Sábado, 13 de febrero de 2010 | Hoy
VIDEO › EDITAN TRES PELICULAS DE DOUGLAS SIRK
La habanera, Himno de batalla e Imitación de la vida dan cuenta de las distintas etapas por las que pasó el cineasta alemán, radicado en los EE.UU. tras huir del nazismo. Un director capaz de transmutar culebrones en revulsivas refutaciones del american dream.
Por Horacio Bernades
Ultimamente, el valor de las ediciones de clásicos en DVD se mide, en el mercado local, por triplicado. Semanas atrás se reportó en esta columna una edición del sello Epoca, que compila tres películas esenciales de Roberto Ro-ssellini. No es la única. Otras ediciones triples que esa firma lanzó en los últimos meses están dedicadas a Ingmar Bergman, Michelangelo Antonioni, Vittorio De Sica y Hans Detlef Sierck. ¿Quién? Douglas Sirk es el nombre con que este cineasta alemán pasó a la historia, desde que puso pie en Estados Unidos. Tres de sus películas vienen de editarse en un solo disco. Se trata de La habanera (1937), Himno de batalla (Battle Hymn, 1956) e Imitación de la vida (1958). Ultima de su etapa alemana, la primera de ellas puede considerarse un borrador de sus films mayores. La segunda constituye sin duda un paso en falso, dado en medio de su ciclo más virtuoso. Imitación de la vida representa, en cambio, el canto del cisne de este alquimista, capaz de transmutar los más bastos culebrones en revulsivas refutaciones del american dream.
Nacido en Hamburgo en 1900, Sierck huyó del nazismo en 1938. Para hacerlo, pidió viajar a Zurich con el pretexto de un rodaje y nunca más volvió (no, al menos, hasta fines de los años ’50, cuando lo hizo para rodar la extraordinaria Tiempo de vivir, tiempo de morir, editada en DVD por AVH). La huida de Sirk tuvo lugar poco después del estreno de La habanera, melodrama en blanco y negro, ubicado en una Puerto Rico casi enteramente inventada en los estudios de la UFA (de La Habana, sólo el título). La habanera cuenta con el protagonismo de quien llegaría a ser la gran diva del nazismo: Zarah Leander, que curiosamente no era alemana sino sueca. Con guión de Gerhard Menzel, que poco más tarde sería otro ardiente defensor del nazismo, La habanera anticipa, en su oposición entre el romanticismo de la protagonista y los turbios negocios del marido, el núcleo duro de la obra de Sirk, en el que el mundo de los sentimientos intenta abrirse paso, en general sin éxito, frente a la mecánica social.
Esto es verificable en sus grandes obras de los años ‘50, desde Sublime obsesión hasta la mencionada Tiempo de amar, tiempo de morir, pasando por Lo que el cielo nos da (que Fassbinder refilmó en los ’70 como La angustia corroe el alma), Escrito en el viento y Los diablos del aire (sobre Pylon, de William Faulkner).

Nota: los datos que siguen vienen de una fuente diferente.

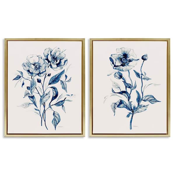 Blue Sketched Flowers by Carol Robinson 2-Pieces Gold Floater Frame Nature Graphic Art Print 21 in. x 17 in.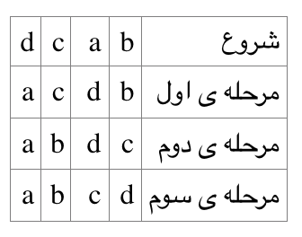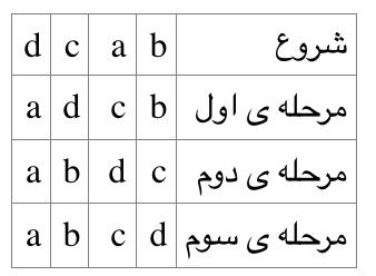 فرض میکنیم آرایه ی s دارای رشته های dcab باشد و ما میخواهیم آنرا به این روش مرتب نماییم...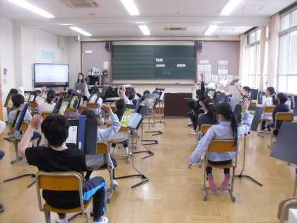 ピアノの音を聞きながら、集中して学習に臨む5年生の姿が素晴らしかったです。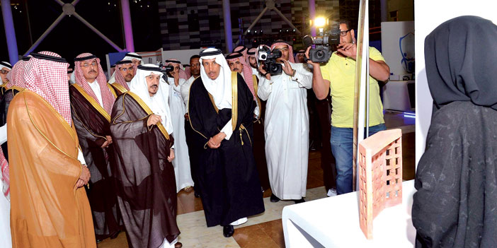 إثر ذلك افتتح الأمير فيصل بن بندر المعرض المصاحب وتجول في أرجاء المعرض واطلع فيها على ابتكارات واختراعات المشاركات. كما تفقد سموه عقب الحفل مرافق الجامعة ومباني الكليات مستمعاً إلى شرح من معالي مدير جامعة الملك سعود عن أبرز ماتقدمه المدينة من وسائل تعليمية بأحدث التقنيات والبيئة العلمية التي تعيشها الطالبة في خصوصية وراحة.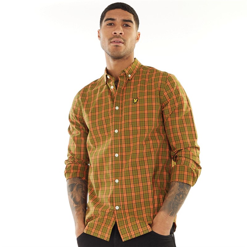 Lyle And Scott Vintage Mens Check Poplin Long Sleeve Shirt Victory Orange/Olive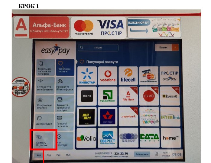 1. На дисплеї термінала оберіть розділ «Квитки, подорожі»;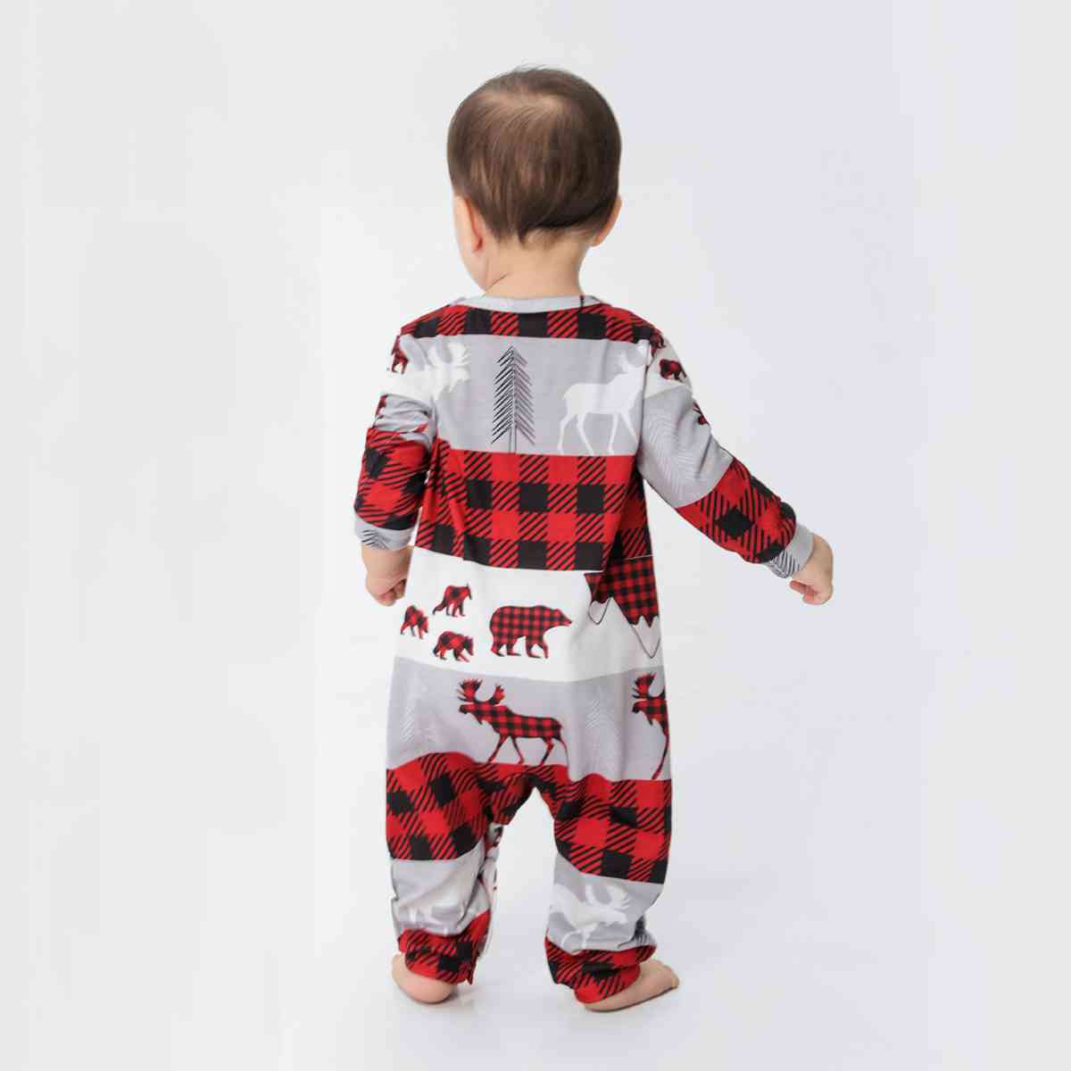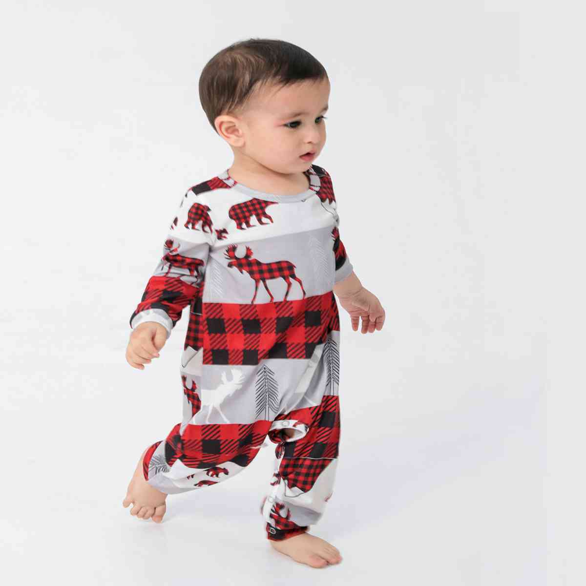 Baby Reindeer & Plaid Round Neck Jumpsuit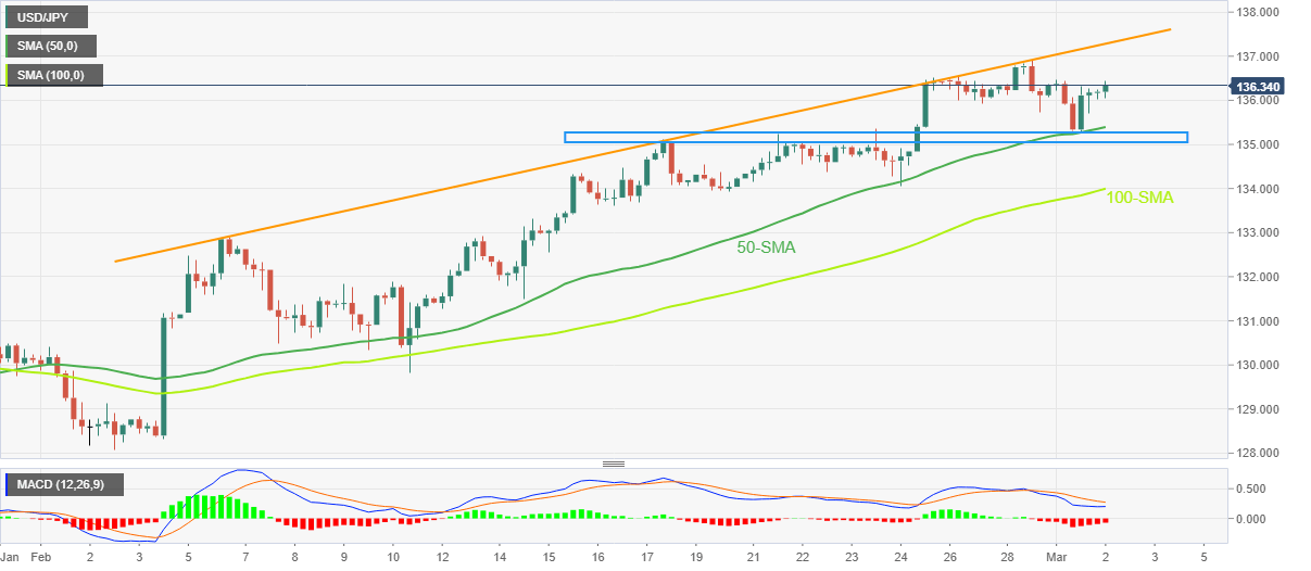 USD/JPY struggles to overcome the previous two-day inaction as bulls keep the reins around 136.30 during early Thursday. In doing so, the Yen pair prints mild gains after bouncing off the 50-bar Simple Moving Average (SMA) and a two-week-old horizontal support zone.

En medio de ese ciclo, el realizador abordó una historia tanto o más descabellada que la del playboy-que-se-convierte-en–cirujano-para-devolverle-la-vista-a-la-más-abnegada-de-las-mujeres (argumento de Magnífica obsesión), reciclando a Rock Hudson como héroe de guerra que, para purgar la culpa de haber bombardeado un orfanato alemán durante la Segunda Guerra, se dedica al salvataje de huérfanos coreanos, en los ratos en los que no bombardea enemigos de ojos rasgados. Eso es Himno de batalla. Imitación de la vida representó, en cambio, el reencuentro final de Sirk con lo mejor de sí mismo.

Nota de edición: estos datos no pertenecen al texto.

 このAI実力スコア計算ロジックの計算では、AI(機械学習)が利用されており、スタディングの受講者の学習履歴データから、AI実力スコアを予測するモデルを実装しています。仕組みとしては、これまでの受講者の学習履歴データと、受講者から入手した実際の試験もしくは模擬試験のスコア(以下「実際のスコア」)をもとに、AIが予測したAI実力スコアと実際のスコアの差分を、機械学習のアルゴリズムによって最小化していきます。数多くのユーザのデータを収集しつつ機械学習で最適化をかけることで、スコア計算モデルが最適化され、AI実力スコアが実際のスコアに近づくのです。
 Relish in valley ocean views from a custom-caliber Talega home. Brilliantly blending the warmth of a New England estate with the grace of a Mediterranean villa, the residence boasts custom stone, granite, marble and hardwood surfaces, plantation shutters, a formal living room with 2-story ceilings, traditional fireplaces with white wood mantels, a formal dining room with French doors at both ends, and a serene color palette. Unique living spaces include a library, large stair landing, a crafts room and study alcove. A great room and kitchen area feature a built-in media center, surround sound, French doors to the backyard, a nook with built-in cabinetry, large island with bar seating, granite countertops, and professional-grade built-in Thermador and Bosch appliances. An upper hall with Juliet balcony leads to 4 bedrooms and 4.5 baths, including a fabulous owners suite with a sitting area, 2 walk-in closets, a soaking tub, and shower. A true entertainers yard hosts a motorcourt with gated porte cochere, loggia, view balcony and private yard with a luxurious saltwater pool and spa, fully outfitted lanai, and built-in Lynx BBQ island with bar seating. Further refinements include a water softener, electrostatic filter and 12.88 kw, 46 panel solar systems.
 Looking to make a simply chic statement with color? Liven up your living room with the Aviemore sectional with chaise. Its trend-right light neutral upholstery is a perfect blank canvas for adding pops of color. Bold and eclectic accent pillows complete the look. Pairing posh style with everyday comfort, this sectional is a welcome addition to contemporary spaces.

Remake del film homónimo de los años ‘30, desde el propio título Imitación de la vida expresa la radical concepción del autor, según la cual las vidas que vivimos son apenas simulacros. Qué mayor simulacro que la vida de una actriz, encarnada en este caso por Lana Turner. En un juego de espejos que se multiplica al infinito, al implacable ascenso de esta mujer de carrera Sirk hace corresponder los intentos de una chica mestiza por negar la condición de negra de su madre y ser así reconocida por la sociedad blanca. Que la película termine con un funeral de desusada duración revela a dónde conducen, según el autor, las ambiciones de una sociedad que se basa en el puro éxito material. Claro que esa interminable secuencia puede ser vista, también, como el velado reconocimiento, por parte de Sirk, de que sus tiempos en Hollywood (y en el mundo del cine) llegaban a su fin. Tenía 57 años y acababa de alcanzar su máximo éxito en Hollywood: momento ideal para abandonar y dedicarse a otra cosa.